Mitch Hardy
- Full name: Mitchell Duncan Hardy
- Born: 15 June 1971 (age 54) Sydney, Australia
- Height: 6 ft 1 in (185 cm)
- Weight: 202 lb (92 kg)
- School: Ku-ring-gai High School

Rugby union career
- Position: Wing

Super Rugby
- Years: Team / Apps / (Points)
- 1996–00: ACT Brumbies

International career
- Years: Team / Apps / (Points)
- 1997–98: Australia / 8 / (10)

= Mitch Hardy =

Australian rugby union international

Mitchell Duncan Hardy (born 15 June 1971) is an Australian former rugby union international.

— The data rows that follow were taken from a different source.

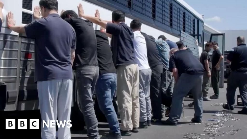 ICE has released footage of the raid showing federal agents arriving in armoured vehicles and lining up workers outside the factory, with some shown chained together before being loaded onto coaches.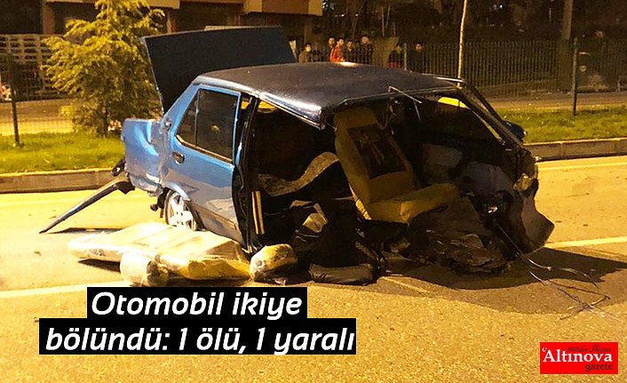 Samsun'un Vezirköprü ilçesinde refüje çarparak ikiye bölünen otomobildeki 2 kişiden biri öldü.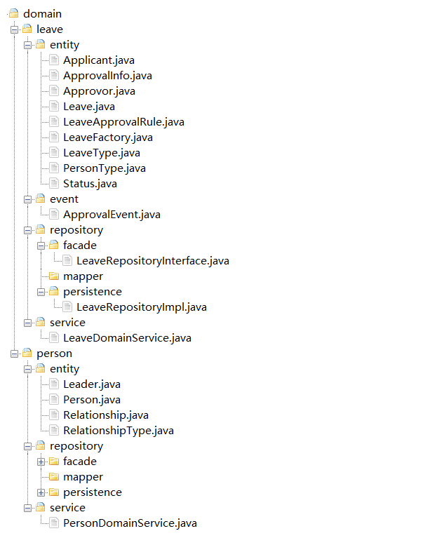 根据DDD的代码模型和各领域对象所在的包、类和方法,我们可以定义出请假微服务的代码结构,设计代码对象。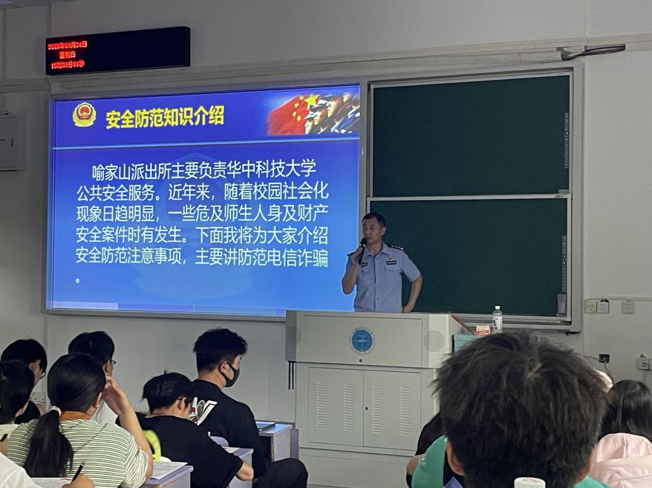 第四场讲座是由武汉市公安局喻家山派出所王东警官主讲的《安全防范知识介绍》。王东警官首先宣讲了大学生防电信网络诈骗的安全知识,注意人身、财产安全以及无意识中的违法行为等问题,为刚步入大学的新生敲响了警钟。随后,他通过我校以往诈骗真实案例警示新生要提高自身的防骗意识,认清网络诈骗形式的多样性。
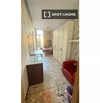 Questa camera in un appartamento condiviso con 4 camere da letto si trova nel vivace quartiere Pigneto di Roma. L'appartamento è arredato e dotato di riscaldamento centralizzato, garantendo condizioni di vita confortevoli. La cucina è completament...
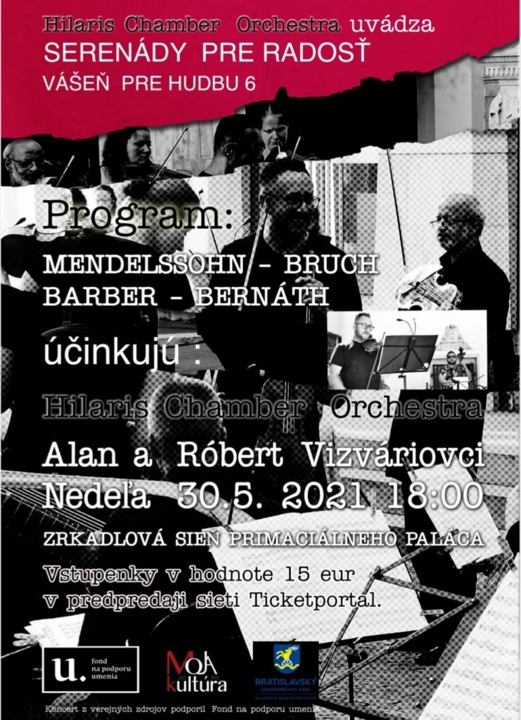 Obľúbený koncertný cyklus Serenády pre radosť – vášeň pre hudbu bratislavského súboru Hilaris Chamber Orchestra pod vedením Alana Vizváryho pokračuje v roku 2021 svojim 6. ročníkom v nedeľu 30.mája 2021 o 18:00 v Zrkadlovej sieni Primaciálneho paláca v Bratislave, v rámci ktorého uvedie okrem iného aj svetovú premiéru slovenského skladateľa Ľuboša Bernátha. Autor venoval orchestru Hilaris a sólistom bratom Alanovi a Robertovi Vizváriovcom dielo Concertino lamento pre husle, kontrabas a sláčikový orchester, ktoré vzniklo počas prvej vlny pandémie a podľa vlastných slovenského skladateľa je táto kompozícia akousi modlitbou za pandémiu.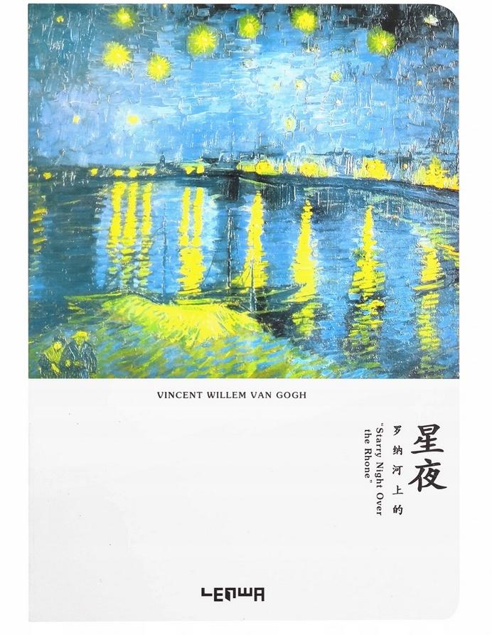 Szkicownik A5 w twardej oprawie z niebanalna okładką przedstawiającą reprodukcję obrazu Vincenta Van Gogha Gwiaździsta noc nad Rodanem . Posiada 100 gładkich, szytych kartek o gramaturze 100gsm, w tym również kartki craft o gramaturze 80 gsm. Umożliwia to wykonywanie szkiców węglem, ołówkiem i kredkami.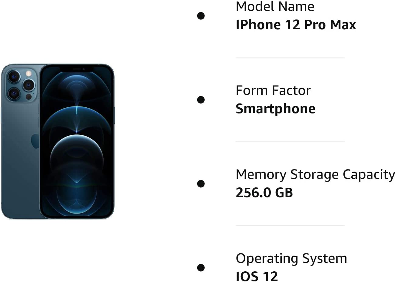 Apple iPhone 12 Pro Max, 256GB, Pacific Blue - Unlocked (Renewed Premium)

Hardy, born in Sydney, attended Ku-ring-gai High School and played in the local Shute Shield competition for Gordon. He competed in the Super 14 for the ACT Brumbies from 1996 to 2000, then left to play in France for CA Brive.

A winger, Hardy represented Australia in eight Test matches across 1997 and 1998. On his debut match, against France in Sydney, he came on as a temporary substitute while Stephen Larkham was being treated and scored two tries, before returning to the bench. This made him the first Wallaby since Tim Lane in 1985 to score twice on debut.

Hardy is a former general manager of RugbyWA.